● **EXERCISE GOAL**: What's needed is an exact retyping of the lines from the start of the listing up to and including the line with "آتش زدن نمادین", minus any pictures.

● **SUPPLIED DATA**:
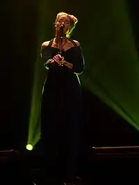 Gerrard possesses the vocal range of a contralto but can also reach upward into the dramatic mezzo-soprano range.[52] She has a vocal range from A2 to F♯5.[53] Her vocal timbre has been described as "rich, deep" which creates a "mournful sound", and her voice is regarded by critics as "simply not of this world".[54] More predominantly, Gerrard's vocal range spans from contralto to dramatic contralto, displayed for examples in "Sanvean",[55] "Sacrifice",[56] "Largo",[57] and "Not Yet";[58] — to the dramatic mezzo-soprano voice in her other songs, such as "The Host of Seraphim",[59] "Elegy",[60] "Space Weaver",[61] and "Come this Way".[62]
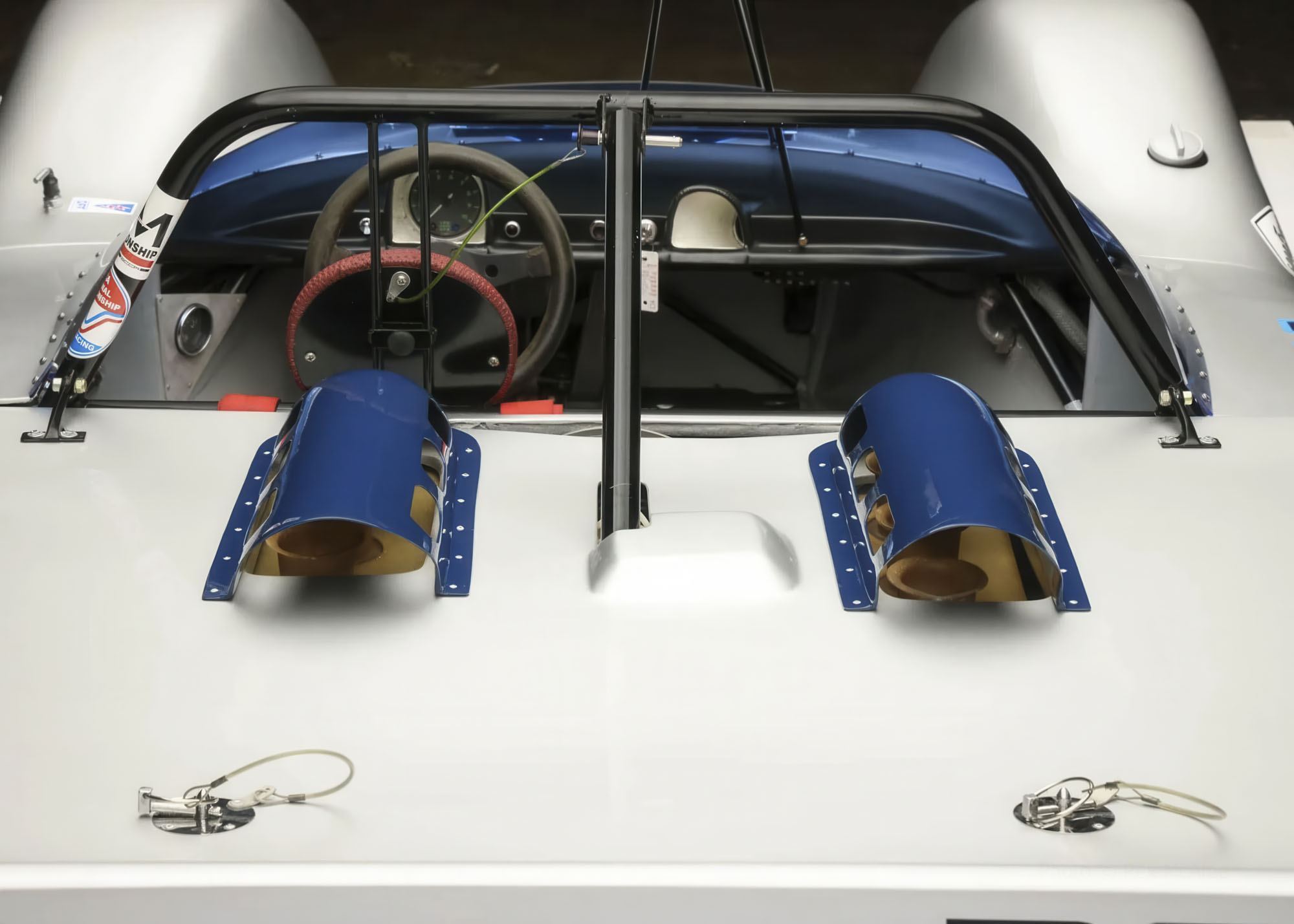 The body is finished in a silver and blue livery replicating that worn by the car while campaigned in SCCA competition by Polak in 1970. Features include front canards, a blue-tinted wrap-around windscreen, a pedestal-mounted rearview mirror, a roll bar integrated into the frame, dual carburetor clearance tunnels on the rear deck, a ducktail rear spoiler, and cookie-cutter exhaust outlets.
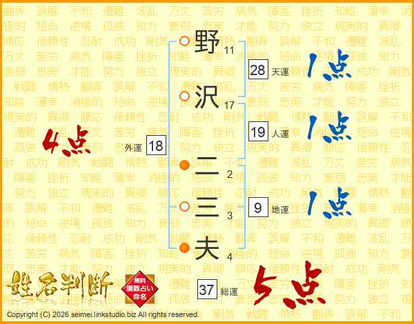野沢二三夫さんの総運は37画の5点!
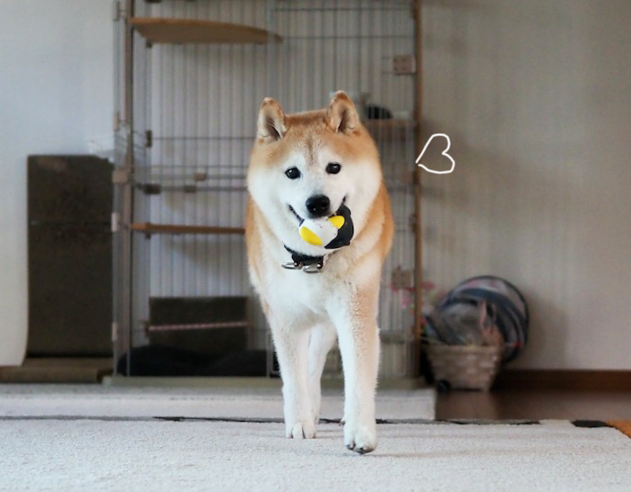 セミは鳴かなくなったけど、今日も真夏のような1日でした。この夏から、まる子は2階にあるリンリンボールを、赤以外も咥えて下に降りてくるようになりました。先日は、1階の廊下に3個も落ちていた。ボラ仲間さんが3年前にまる子にくださった、ちゅ〜るに付いていたおま
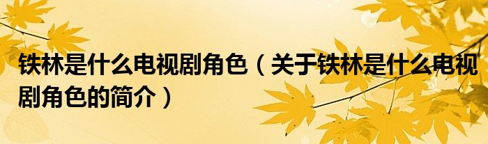 本文關于鐵林是什么電視劇角色的簡介就講解完畢,希望對大家有所幫助。
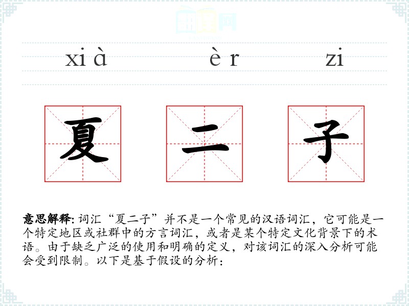 对于“夏二子”这个词汇的理解,需要更多的上下文信息和文化背景知识。在语言学习和表达中,了解特定社群或地区的方言和术语是非常重要的,这有助于更深入地理解语言的多样性和丰富性。
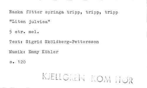//// Raska fötter springa tripp, tripp, tripp //// "Liten julvisa" //// 5 str. mel. //// Text: Sigrid Sköldberg-Pettersson //// MUsik: Emmy Köhler //// s.: 120 //// w® i ////
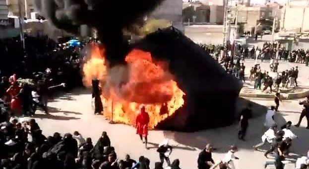 آتش زدن نمادین خیمهها که گویی آتش به دل هر مرد و زن میزند از دیگر صحنههای شورانگیز عزاداری مریانجیهاست.
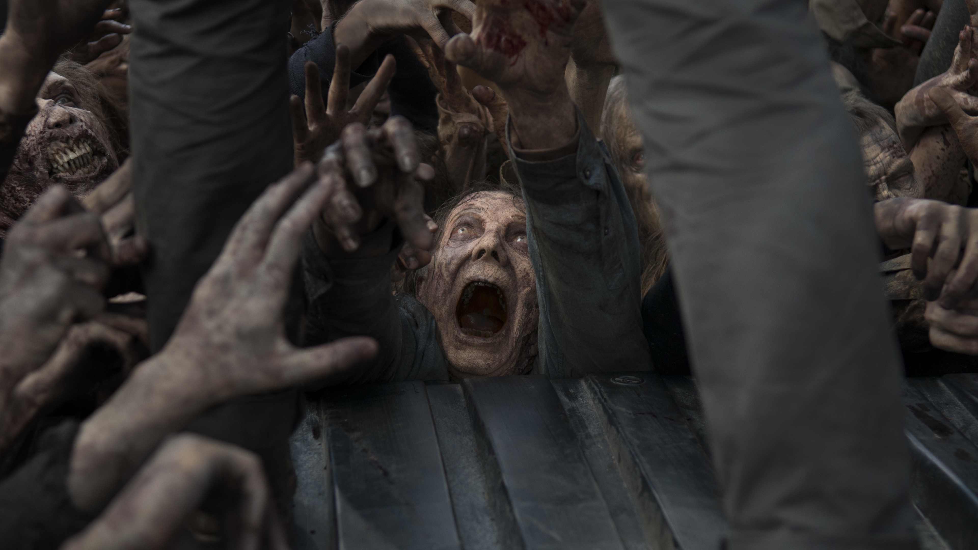 Description: A group of people with their hands in the air and a person with their head in the middle of the group.
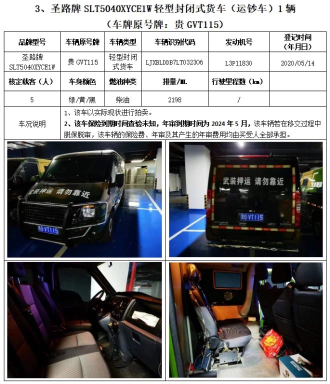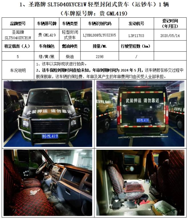 拍品編號1:圣路牌SLT5040XYCE1W輕型封閉式貨車(運鈔車)3輛、圣路牌SLT5042XYCEIL小型專用客車(運鈔車)1輛,共4輛,整體拍賣
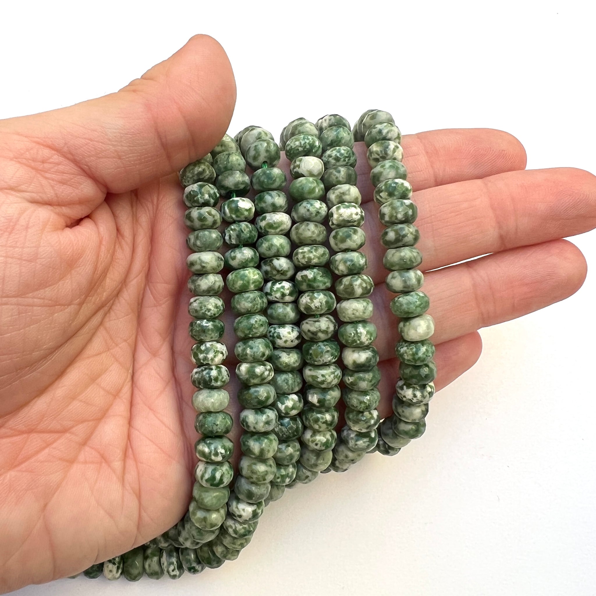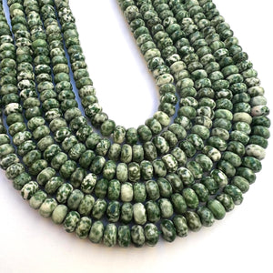 Green Spot Jasper 5x8mm faceted rondelle beads.
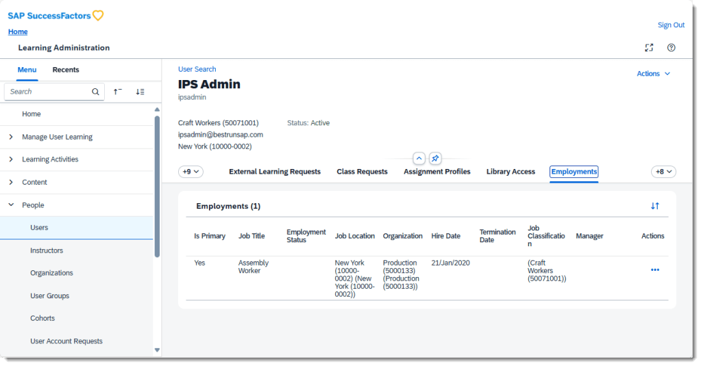 The Employments tab is now visible on the User page when using system default roles that include the new View User Employment permission. This supports upcoming person‑centric experience enhancements. (Note: System default roles are for testing only.)

● **EXERCISE RESULT**:
 Gerrard possesses the vocal range of a contralto but can also reach upward into the dramatic mezzo-soprano range.[52] She has a vocal range from A2 to F♯5.[53] Her vocal timbre has been described as "rich, deep" which creates a "mournful sound", and her voice is regarded by critics as "simply not of this world".[54] More predominantly, Gerrard's vocal range spans from contralto to dramatic contralto, displayed for examples in "Sanvean",[55] "Sacrifice",[56] "Largo",[57] and "Not Yet";[58] — to the dramatic mezzo-soprano voice in her other songs, such as "The Host of Seraphim",[59] "Elegy",[60] "Space Weaver",[61] and "Come this Way".[62]
 The body is finished in a silver and blue livery replicating that worn by the car while campaigned in SCCA competition by Polak in 1970. Features include front canards, a blue-tinted wrap-around windscreen, a pedestal-mounted rearview mirror, a roll bar integrated into the frame, dual carburetor clearance tunnels on the rear deck, a ducktail rear spoiler, and cookie-cutter exhaust outlets.
野沢二三夫さんの総運は37画の5点!
 セミは鳴かなくなったけど、今日も真夏のような1日でした。この夏から、まる子は2階にあるリンリンボールを、赤以外も咥えて下に降りてくるようになりました。先日は、1階の廊下に3個も落ちていた。ボラ仲間さんが3年前にまる子にくださった、ちゅ〜るに付いていたおま
 本文關于鐵林是什么電視劇角色的簡介就講解完畢,希望對大家有所幫助。
 对于“夏二子”这个词汇的理解,需要更多的上下文信息和文化背景知识。在语言学习和表达中,了解特定社群或地区的方言和术语是非常重要的,这有助于更深入地理解语言的多样性和丰富性。
//// Raska fötter springa tripp, tripp, tripp //// "Liten julvisa" //// 5 str. mel. //// Text: Sigrid Sköldberg-Pettersson //// MUsik: Emmy Köhler //// s.: 120 //// w® i ////
 آتش زدن نمادین خیمهها که گویی آتش به دل هر مرد و زن میزند از دیگر صحنههای شورانگیز عزاداری مریانجیهاست.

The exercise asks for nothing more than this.